2333
Imaging ex-vivo cynomolgus monkey brain in 150 um isotropic resolution
Chungseok Oh1, Yu Gyeong Kim2,3, Jeongheon Park4, Youngkyu Song4, Chang-Yeop Jeon2, Kyung Seob Lim5, Jincheol Seo2, Jung Bae Seong2, Jee-Hyun Cho4, Youngjeon Lee2, Jongho Lee1, and Hyeong-Geol Shin1
1Department of Electrical and Computer Engineering, Seoul National University, Seoul, Korea, Republic of, 2National Primate Research Center, Korea Research Institute of Bioscience and Biotechnology (KRIBB), Cheongju, Korea, Republic of, 3Department of Functional Genomics, KRIBB School of Bioscience, Korea University of Science and Technology (UST), Daejeon, Korea, Republic of, 4Center for Research Equipment, Korea Basic Science Institute, Cheongju, Korea, Republic of, 5Futuristic Animal Resource & Research Center, Korea Research Institute of Bioscience and Biotechnology (KRIBB), Cheongju, Korea, Republic of
1Department of Electrical and Computer Engineering, Seoul National University, Seoul, Korea, Republic of, 2National Primate Research Center, Korea Research Institute of Bioscience and Biotechnology (KRIBB), Cheongju, Korea, Republic of, 3Department of Functional Genomics, KRIBB School of Bioscience, Korea University of Science and Technology (UST), Daejeon, Korea, Republic of, 4Center for Research Equipment, Korea Basic Science Institute, Cheongju, Korea, Republic of, 5Futuristic Animal Resource & Research Center, Korea Research Institute of Bioscience and Biotechnology (KRIBB), Cheongju, Korea, Republic of
Synopsis
Due to the small size of the cynomolgus brain, imaging the fine structures in the brain is a challenging task. In this study, a sample preparation method is suggested for imaging the ex-vivo cynomolgus monkey brain with sub-millimeter resolution in 7T MRI. Using the proposed method, we acquired 150 um isotropic resolution MR images for whole brain, and the fine structures in the cynomolgus monkey brain was observed.
Introduction
The cynomolgus monkey (macaca fascicularis) is one of the most commonly used experimental animals, including its usage as an animal model for Parkinson’s disease.1 However, due to its small-sized brain,2 observing the detailed structures can be a challenging task. Using a 7T MRI is a good solution to reach high resolution leveraging increased MR signal power, but, arising problems regarding system imperfection (e.g. imperfect B0 shimming) are more severe than 3T, degrading the image quality. In this study, we proposed a sample preparation method for acquiring sub-millimeter resolution MR images of the ex-vivo cynomolgus monkey brain. With the proposed method, the whole-brain T2*-weighted image and QSM image were acquired with 150 um isotropic resolution, and the structural details were explored and compared to the histology images from references.3Methods
[Ex-vivo sample preparation]An ex-vivo brain of the cynomolgus monkey with a history of Parkinson’s disease was prepared for this study. For the preparation of the brain sample, three steps were performed. They were 1) designing the unique shape of the container for better B0 shimming, 2) reducing bubbles for artifact reduction, and 3) agarose embedding for reducing motions.

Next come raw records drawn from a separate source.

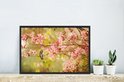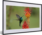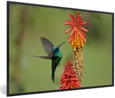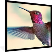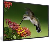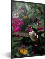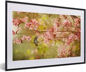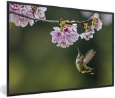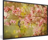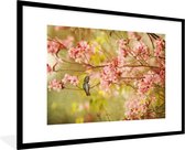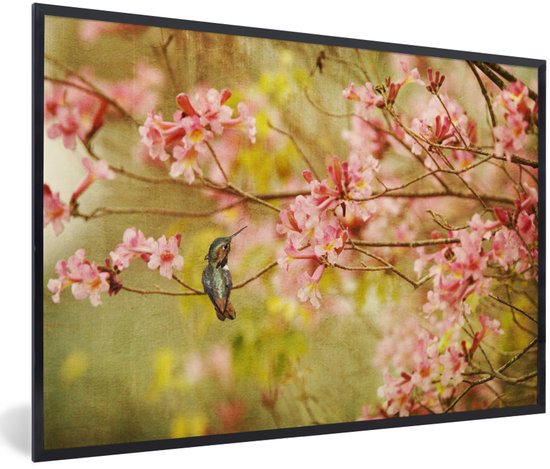 Photo encadrée - Colibri sur une branche d'arbre avec des fleurs roses printanières cadre photo noir 60x40 cm - Affiche encadrée (Décoration murale salon / chambre)
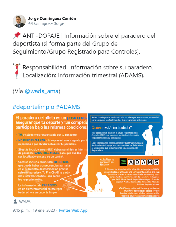 Profesional en Educación y Anti-Dopaje, nacido en Madrid y actualmente trabajando para la empresa Professional Worldwide Controls, empresa líder en el sector deportivo y especializada en la recogida de muestras y planificación de controles anti-dopaje a nivel internacional.
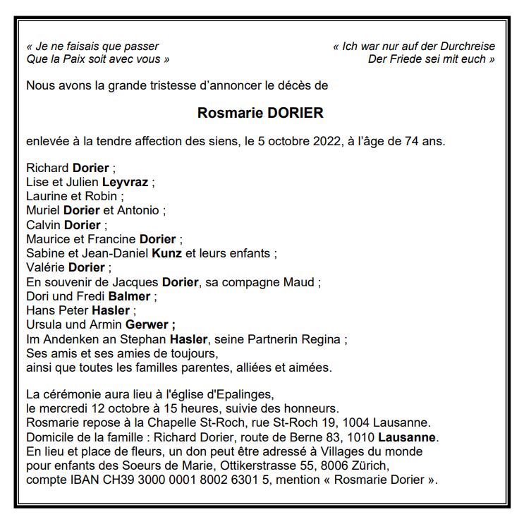 Rosmarie DORIER 16 aoû. 1948 - 05 oct. 2022 Avis mortuaire PFG Télecharger PDF Partager sur: Galerie PreviousNext PreviousNext

Firstly, a container was designed to improve B0 shimming performance. Figure 1 shows the 3D image and demonstration images of the designed container. The container consists of the sample container and the shim module. For experiments, the brain sample is placed in the sample container, and the sample container is placed in the shim module. The container was designed to fit the size of the 16-channel human wrist coil, which is used for the following experiments.

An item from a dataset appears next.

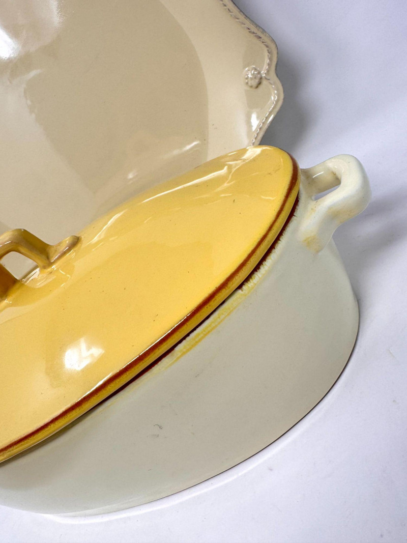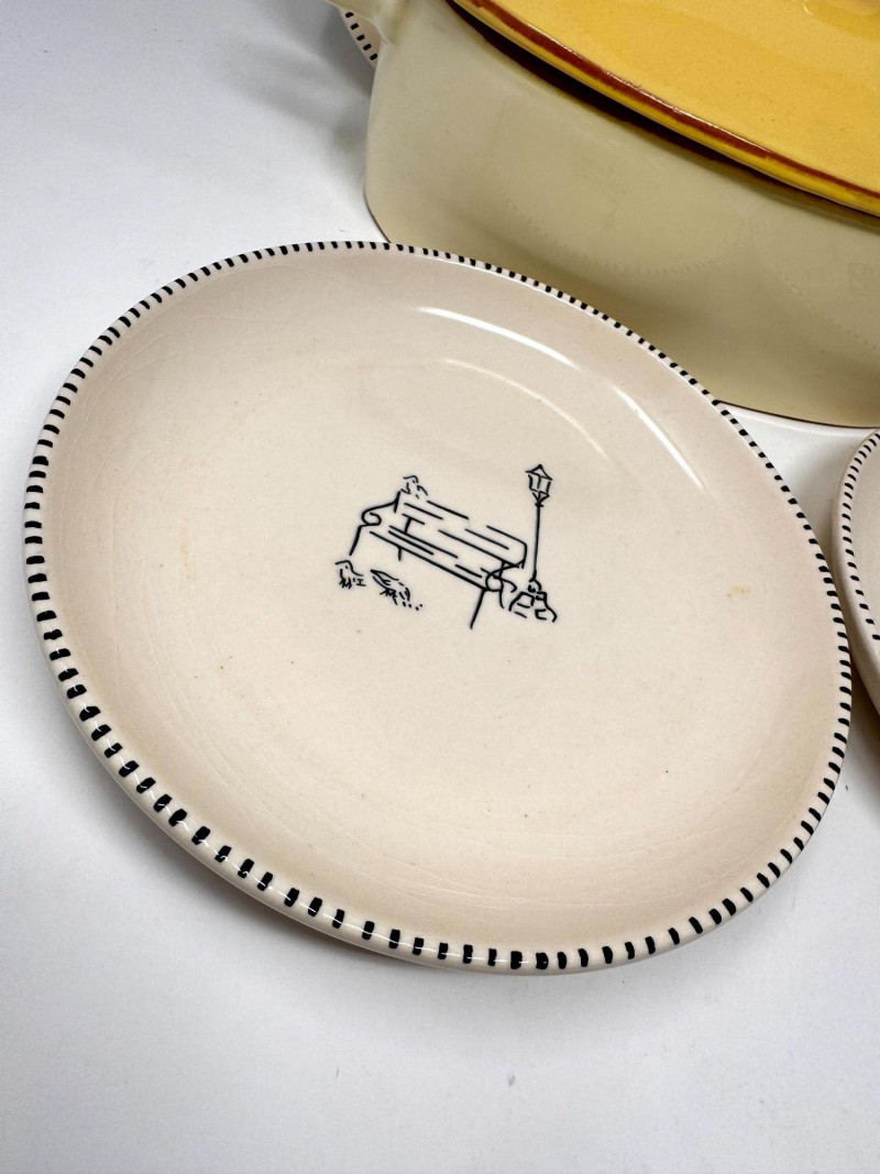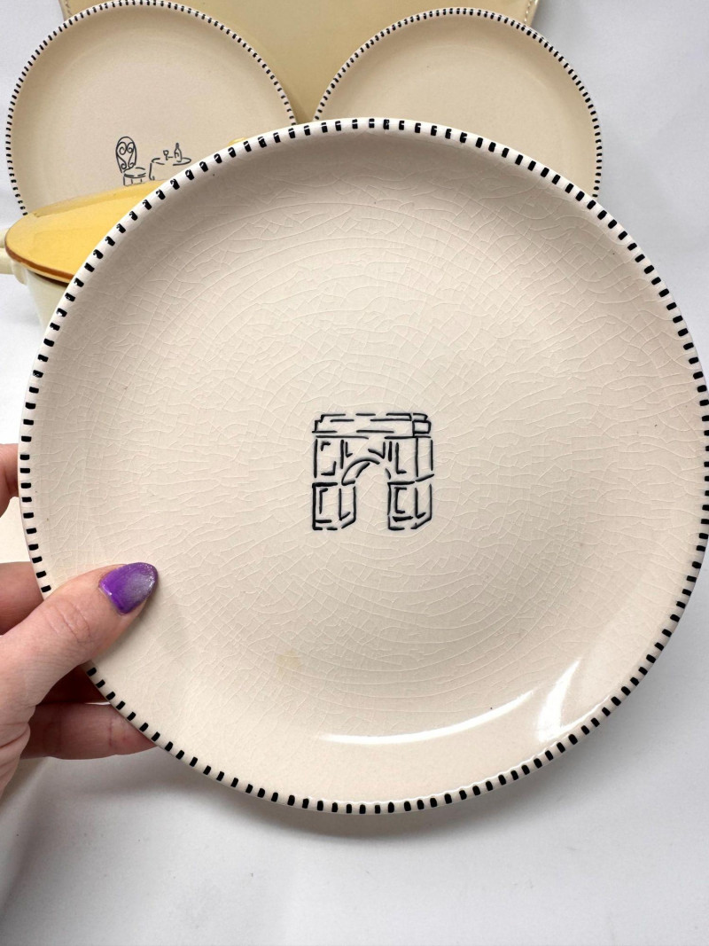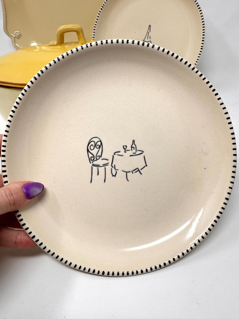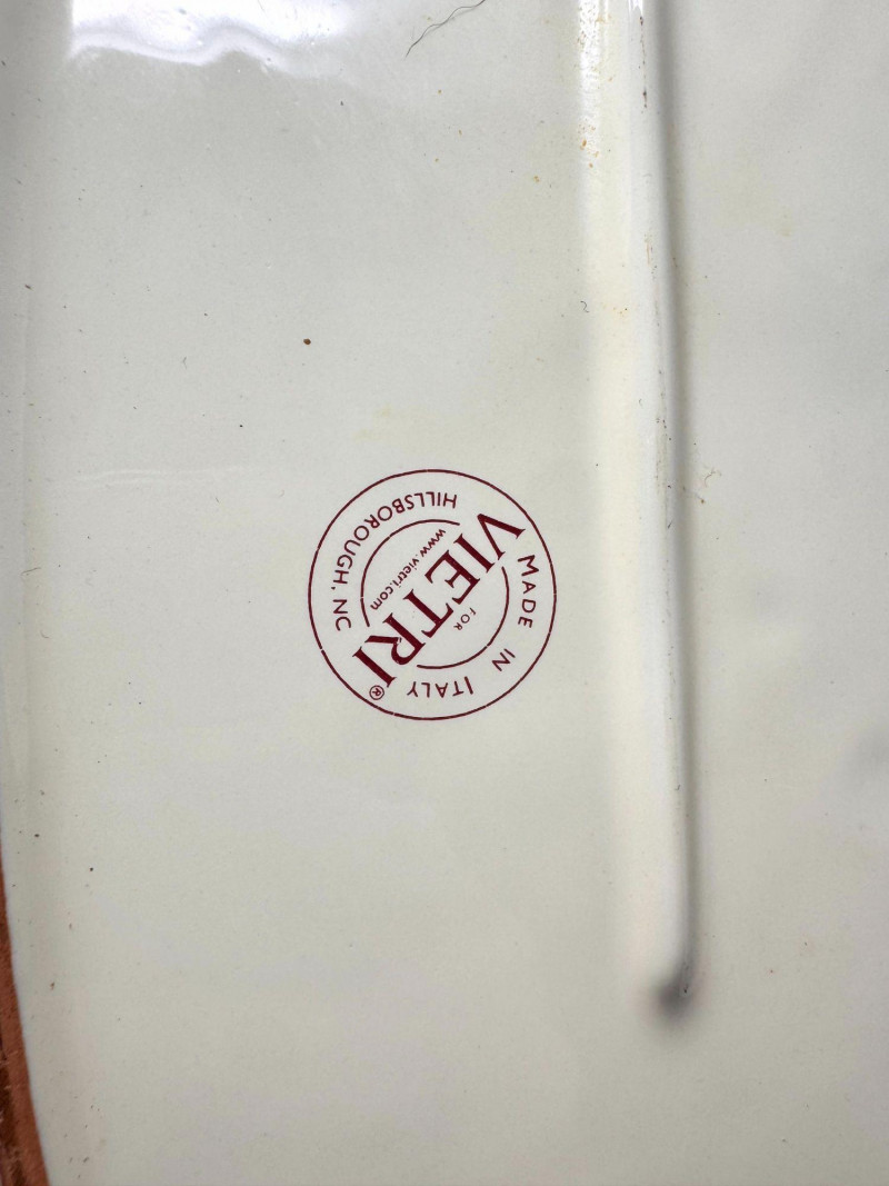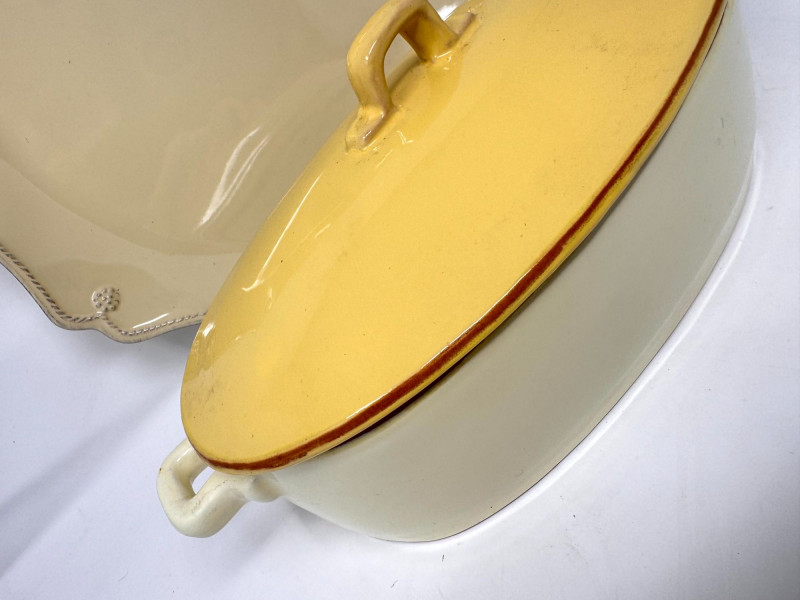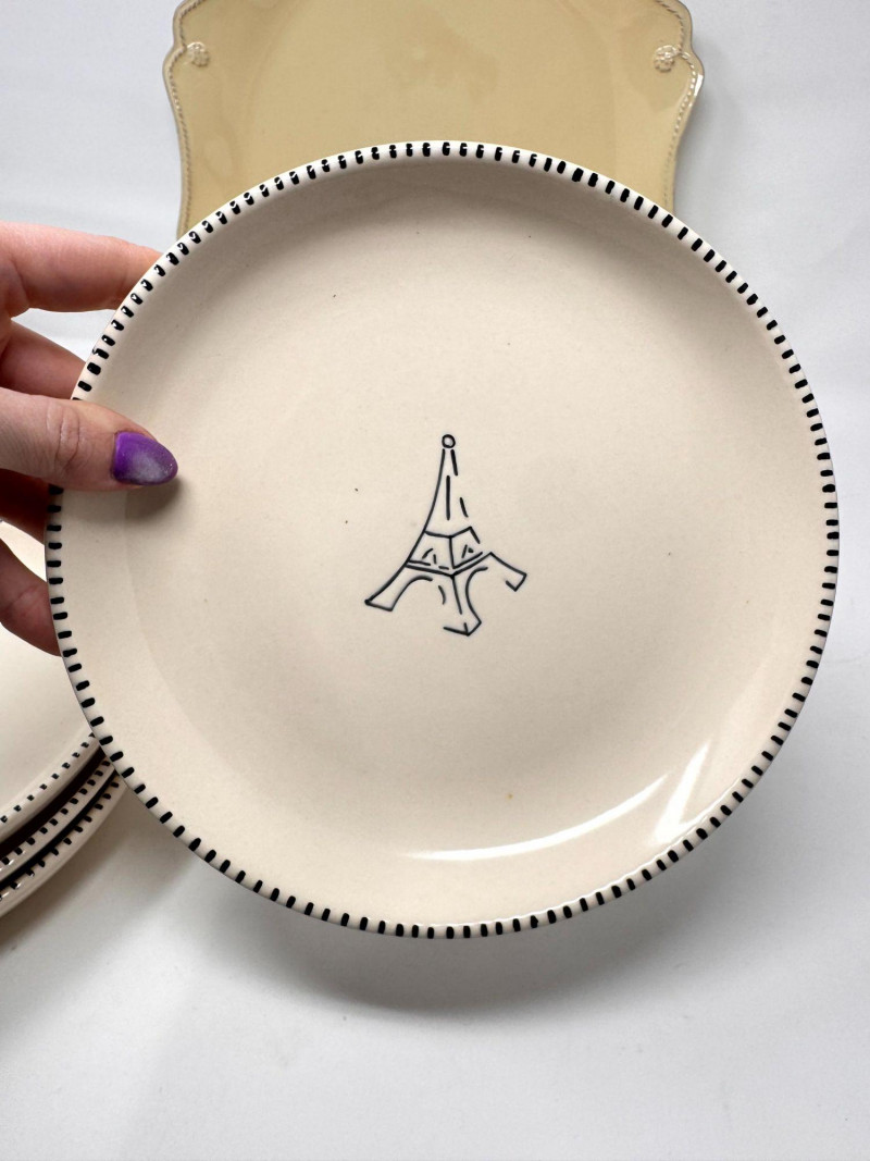 Large Juliska Platter, Vietri Casserole & Pottery Barn Paris Plates.

Next, bubbles were removed in the sample container. Because the material around the bubble and the air inside the bubble have different susceptibility values, it may induce susceptibility artifacts. We tried to remove the small bubbles existing in samples using a vacuum chamber.
Thirdly, the brain sample was embedded using an agarose gel. Because vibrations can be generated by the machine during an MRI scan, the brain sample may be prone to unexpected motions. Therefore, to fix the position of the brain sample in the sample container, agarose gel was used for embedding the brain sample.
[Data acquisition & image processing]
With the proposed sample preparation method, the ex-vivo sample was scanned at 7T Philips MRI with the 16-channel human wrist coil. The 3D multi-echo gradient-recalled echo (GRE) scan was performed with the following scan parameters: voxel size = 150 um isotropic, TE1/ΔTE/TR = 5.5/4.7/100 ms, # of echoes = 4, flip angle = 24°, and total scan time = 4.2 hours. From the complex images of DICOM data, the magnitude image was generated by the square root of the sum of squares over echoes, and the QSM map was generated by a series of post-processing steps including Laplacian phase unwrapping, HARPERELLA background field removal, and iLSQR. The magnitude image and QSM image were compared with histology image to explore that the MR images can provide the fine structure in the brain sample.
Results
Figure 2 shows the QSM, T2*-weighted, and histology images in the axial view of a representative slice. Comparing the T2*-weighted image and the histology image, the unique structure of the internal capsule and laminar structure of the cortex was consistently observed in both images. However, they were not observed in QSM.Figure 3 shows the QSM, T2*-weighted, and histology images in the coronal view of a representative slice. The unique structure between caudate and putamen was consistently observed in QSM, T2*-weighted, and histology images. Also, the laminar structure of the cortex was consistently observed both in T2*-weighted and histology images.
Discussion and Conclusion
In summary, we proposed a sample preparation method for acquiring sub-millimeter resolution images of the ex-vivo cynomolgus monkey brain. By acquiring high resolution images, the detailed structure in the brain can be observed even for the small-sized brain. When comparing MR images with the reference histology images, MR images contain abundant information on histological structures.Acknowledgements
This work has been supported by Heuron Co. Ltd. and by the Korea government (MSIT) (No.NRF-2021R1A2B5B03002783)References
1. Dauer, W. & Przedborski, S. Parkinson’s Disease: Mechanisms and models. Neuron 39, 889–909 (2003).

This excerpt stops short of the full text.